Other images from the spacecraft showcase additional promise for later in the mission, when Solar Orbiter is closer to the Sun.
The Solar and Heliospheric Imager, or SoloHI, led by Russell Howard of the Naval Research Laboratory in Washington, D.C., revealed the so-called zodiacal light, light from the Sun reflecting off of interplanetary dust – a light so faint that the bright face of the Sun normally obscures it. To see it, SoloHI had to reduce the Sun’s light to one trillionth of its original brightness.
“The images produced such a perfect zodiacal light pattern, so clean,” Howard said. “That gives us a lot of confidence that we will be able to see solar wind structures when we get closer to the Sun.”
Images from the Polar and Helioseismic Imager, or PHI, showed it is also primed for later observations. PHI maps the Sun’s magnetic field, with a special focus on its poles. It will have its heyday later in the mission as Solar Orbiter gradually tilts its orbit to 24 degrees above the plane of the planets, giving it an unprecedented view of the Sun’s poles.
“The magnetic structures we see at the visible surface show that PHI is receiving top-quality data,” said Sami Solanki, PHI’s principal investigator at the Max Planck Institute for Solar System Research in Göttingen, Germany. “We’re prepared for great science as more of the Sun’s poles comes into view.”

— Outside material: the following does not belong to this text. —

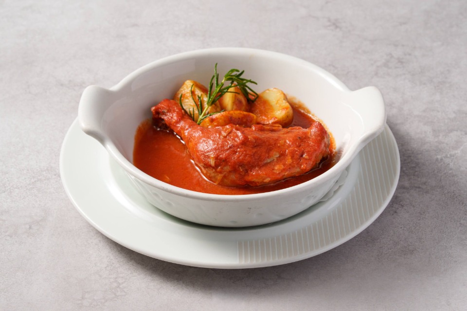 骨付き鶏もも肉のトマト煮込み
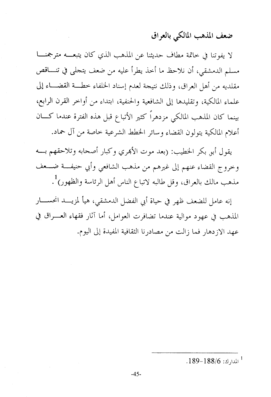 لا يفوتنا في خاتمة مطاف حديثنا عن المذهب الذي كان يتبعه مترجمنا مسلم الدمشقي، أن نلاحظ ما أخذ يطرأ عليه من ضعف يتجلى في تناقص مقلديه من أهل العراق، وذلك نتيجة لعدم إسناد الخلفاء خطة القضاء إلى علماء المالكية، وتقليدها إلى الشافعية والحنفية، ابتداء من أواخر القرن الرابع، بينما كان المذهب المالكي مزدهراً كثير الأتباع قبل هذه الفترة عندما كان أعلام المالكية يتولون القضاء وسائر الخطط الشرعية خاصة من آل حماد.

Today’s release highlights Solar Orbiter’s imagers, but the mission’s four in situ instruments also revealed initial results. In situ instruments measure the space environment immediately surrounding the spacecraft. The Solar Wind Analyser, or SWA instrument, shared the first dedicated measurements of heavy ions (carbon, oxygen, silicon, iron, and others) in the solar wind from the inner heliosphere.
The new data, including movies and images with detailed descriptions, can be viewed in ESA’s gallery.

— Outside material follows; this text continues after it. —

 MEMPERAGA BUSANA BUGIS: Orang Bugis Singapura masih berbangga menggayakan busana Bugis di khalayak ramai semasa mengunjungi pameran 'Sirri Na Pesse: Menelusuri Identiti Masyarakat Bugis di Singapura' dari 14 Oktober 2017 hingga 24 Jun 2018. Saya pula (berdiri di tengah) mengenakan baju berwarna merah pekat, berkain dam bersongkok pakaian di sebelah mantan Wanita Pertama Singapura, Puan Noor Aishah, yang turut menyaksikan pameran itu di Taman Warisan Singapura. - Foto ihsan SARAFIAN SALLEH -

Solar Orbiter is an international cooperative mission between the European Space Agency and NASA. The European Space Operations Centre (ESOC) in Germany operates Solar Orbiter. Solar Orbiter was built by Airbus Defence and Space, and contains 10 instruments: nine provided by ESA member states and ESA. NASA provided one instrument, SoloHI, hardware and sensors for three other instruments, and the Atlas V 411 launch vehicle. The European Space Astronomy Centre (ESAC) in Spain conducts the science operations.